I think I've got this all sorted out so a user can upload and display their 23andMe data.

Very cool! Integrating 23AndMe into Ideogram's dataflow scripts would be a great addition, if you have a PR in mind.

I've done something somewhat similar for AncestryDNA raw data in analyze_ancestrydna.py. (Though please note that the ClinVar integration is not reliable, not official and basically has been for my personal experimentation.)

awatson1978 commented 7 years ago

Hmmm.... going to have to think through this, and consult with my professor. I may have overstated having gotten the 23andMe data completely working.

I definitely got a .bed file loaded into it, and have effectively defined a genomics test panel:

screen shot 2017-03-06 at 2 27 07 am

Now I need to use this to scan the 23andMe results. Exciting stuff!

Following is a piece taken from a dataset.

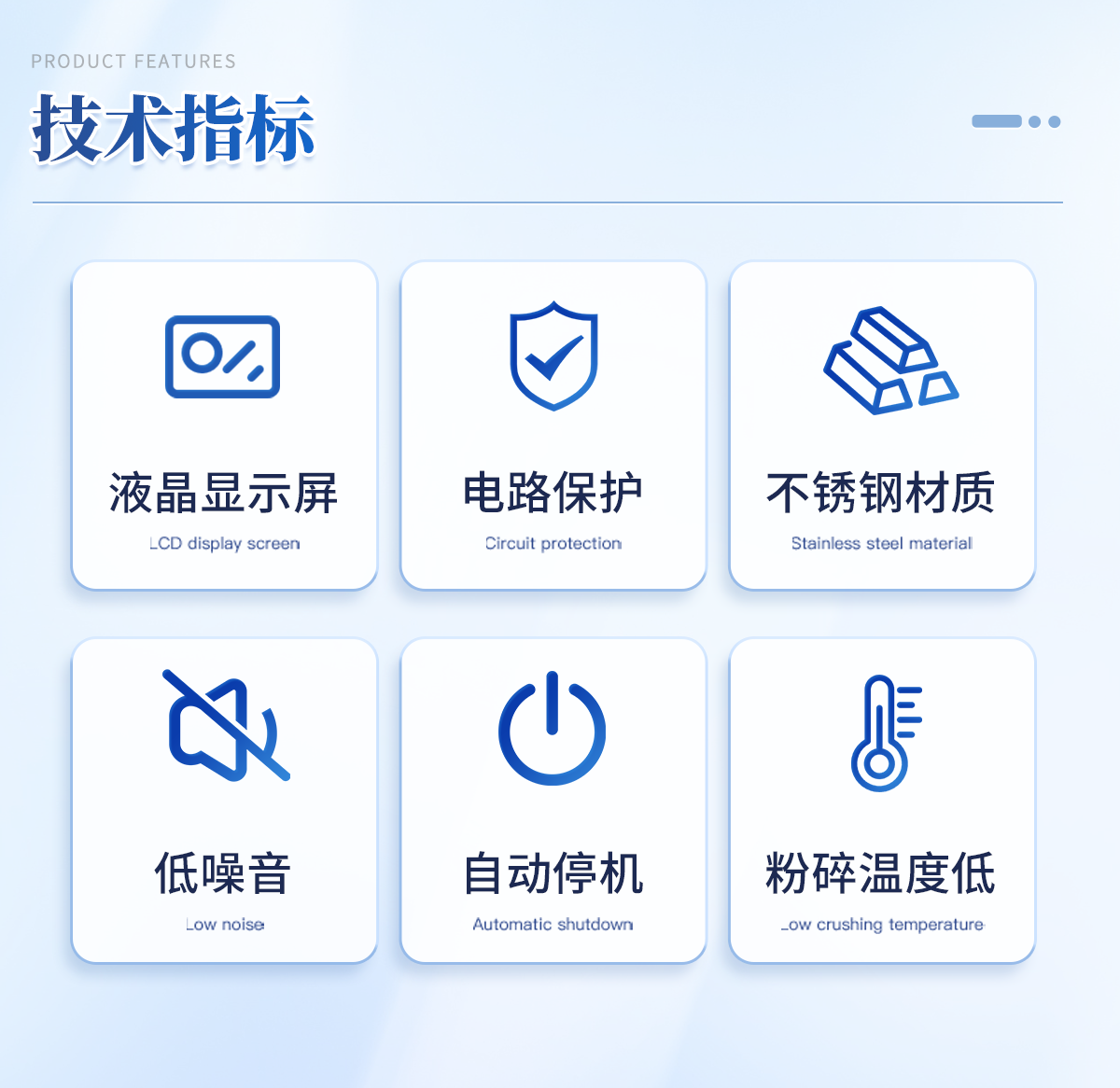★21、具有溫控功能,可設(shè)定溫度自動停機,調(diào)節(jié)轉(zhuǎn)速,進料速度,粉碎時間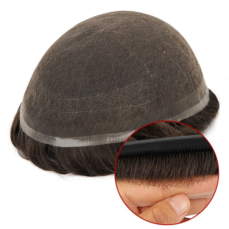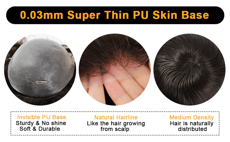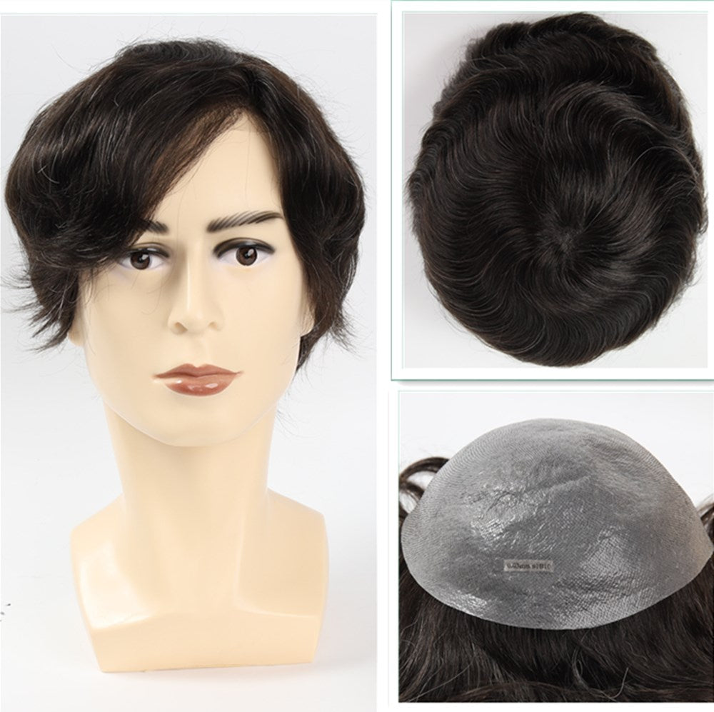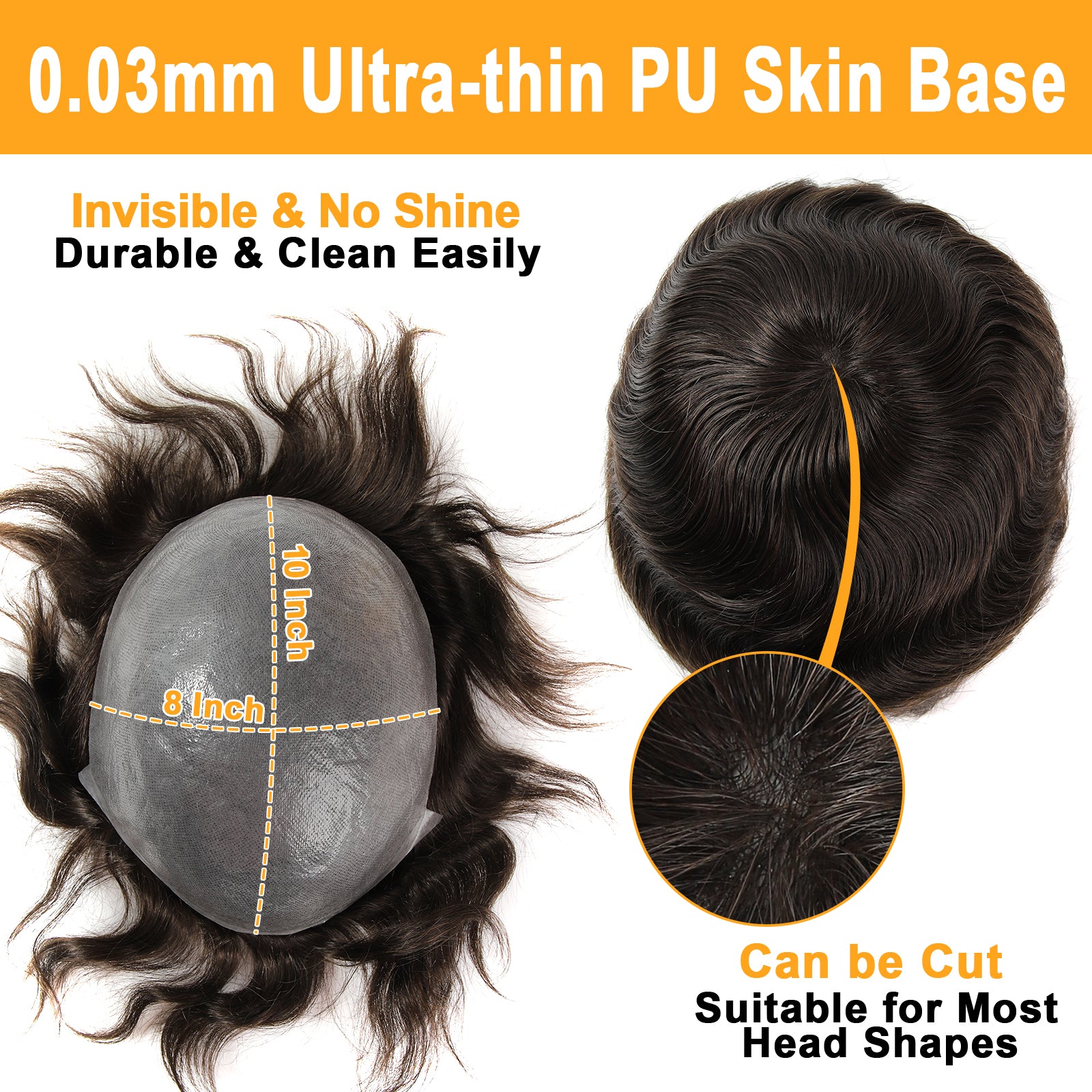 Beeos Invisible V-loop Knots Natural Hairline Men's Hair Pieces 100% Human Hair Thin Skin Toupee 0.03mm Thickness TP04

eweitz commented 7 years ago

Awesome! It sounds like you are well on your way.

One thing to note: 23andMe uses GRCh37, the previous major version of the human reference genome assembly. However, Ideogram defaults to GRCh38, the current major version of the human reference genome. GRCh37 and GRCh38 need to be distinguished because the chromosomes are of different lengths between the two versions; genomic coordinates in GRCh37 are not equivalent to those in GRCh38.

So, if you're not already doing so, you'll likely want to specify assembly: "GRCh37" in the Ideogram configuration, as done in e.g. ancestry_tracks.html.